Not so markdown friendly Hunspell

After running above script on some markdown files with embedded code (like this blog post) it was clear that I need some other tool. Script produced many more lines which were part of code section and weren’t important, for example:

& ' 15 29: e, s, i, a, n, r, t, o, l, c, d, u, g, m, p
& ' 15 70: e, s, i, a, n, r, t, o, l, c, d, u, g, m, p
& 'Misspelled 3 29: misspelled, dispelled, misspell

Time to get back to the drawing board.

Developers lingo

Maybe I started it wrong? I essentially need a tool written by developers for developers not to “spell check” my blog posts, but to “lint” my “code”. And since my “code” looks more like a GitHub read-me or a documentation, I should probably look for a “documentation linter”. Quick google search and here I found a Codeship post about improving documentation by automating spelling and grammar checks. Hell yeah! That is exactly what I want to do! That blog post describes how to use an awesome tool called “markdown-spellcheck” which was created to run spell checks on markdown files (duh!) using Hunspell and it even supports non-interactive mode! After running simple npm install markdown-spellcheck -g and mdspell --ignore-acronyms --en-us --report "content/*/*.md" I’ve got a nicely formatted output:

mdspell example output

Since not every word can be in dictionary, mdspell can use .spelling file to store exceptions. Write a word in this file and mdspell won’t report it as an error.

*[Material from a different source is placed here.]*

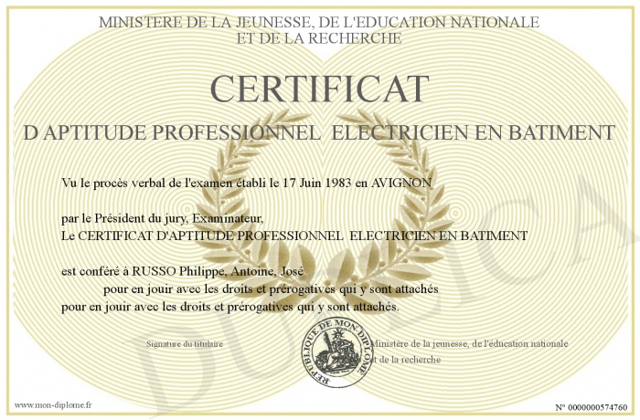 Envoyez par email votre CERTIFICAT D APTITUDE PROFESSIONNEL ELECTRICIEN EN BATIMENT personalisé
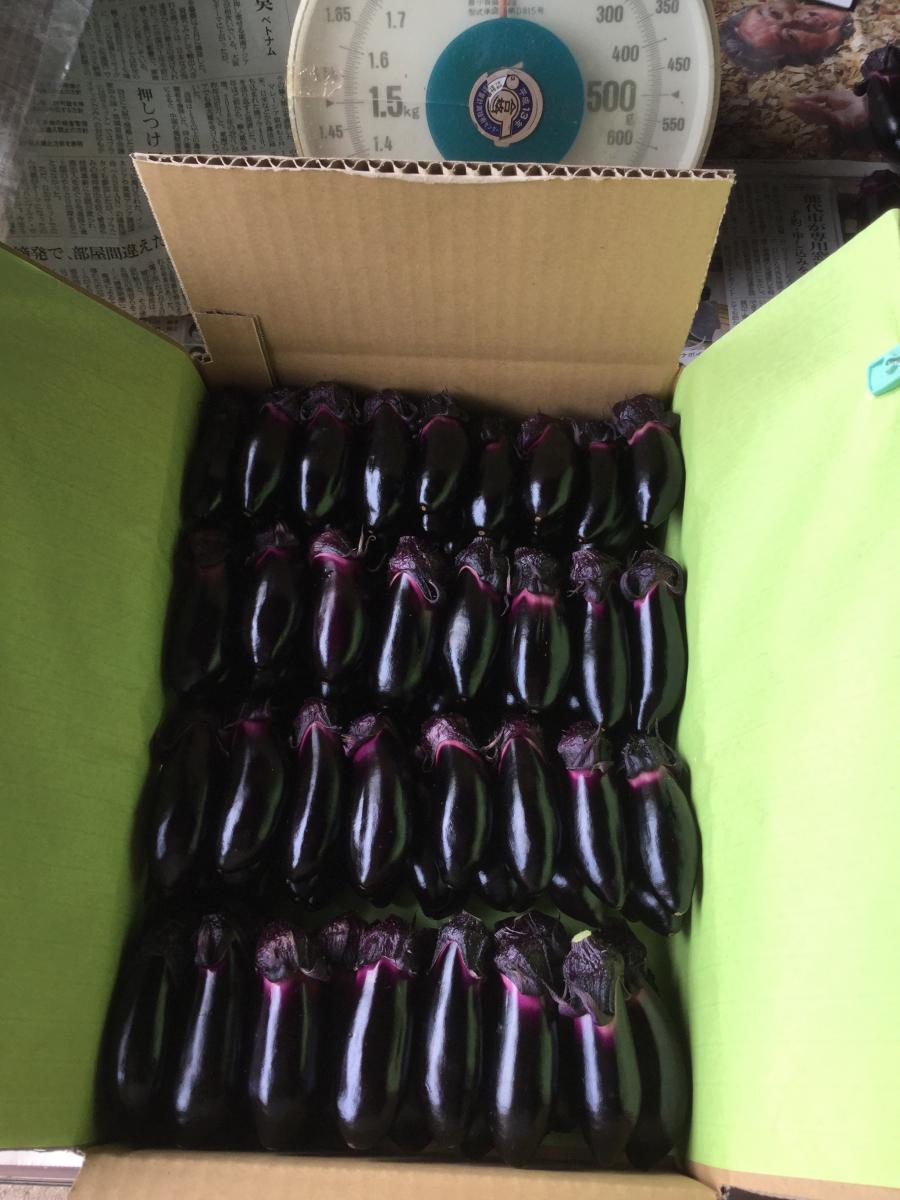 志げ子さんが生産する、箱の中にきれいに収まる艶々の茄子

Codeship also describes how to use a tool called “write good” which promotes better writing style by being a “naive linter for English prose for developers who can’t write good and wanna learn to do other stuff good too”. And since I can’t write good yet, it looks like an ideal tool for me. Couple of commands later and I have additional advices on how I shouldn’t write:

write good example output

Automate!

Since I want to use GitHub PR system for new articles and other changes, I can use tools which are available in GitHub marketplace. This time the choice fell on Travis CI, partially because I’ve been using it for a long time. Quick look into Travis documentation about using JavaScript and here is a .travis.yml file with everything needed.

---
language: node_js
node_js:
  - "lts/*"
cache:
  directories:
    - "node_modules"
before_install:
  - npm i -g markdown-spellcheck write-good
jobs:
  include:
    - script: 'mdspell --ignore-acronyms --en-us --report content/*/*.md'
    - script: 'write-good --yes-eprime --parse content/*/*.md || true'
braches:
  only:
    - master

This also uses new Travis feature of build stages, runs checks in parallel, and caches NPM installation directory, so everything should be fast. I have also changed write-good execution a bit, so it will do more checks, report it in more compact format, and will always return true (write-good doesn’t have a mechanism for exceptions).

Sum up

No one likes to go through blog posts or even worse - documentations when there are plenty of grammar mistakes. We got used to the red zigzag line under misspelled words. But who writes markdown in LibreOffice Writer or Microsoft Word? We tend to use same editors for markdown and for code, so why not adapt same techniques? Why not lint documentation? As you can see - it’s really simple!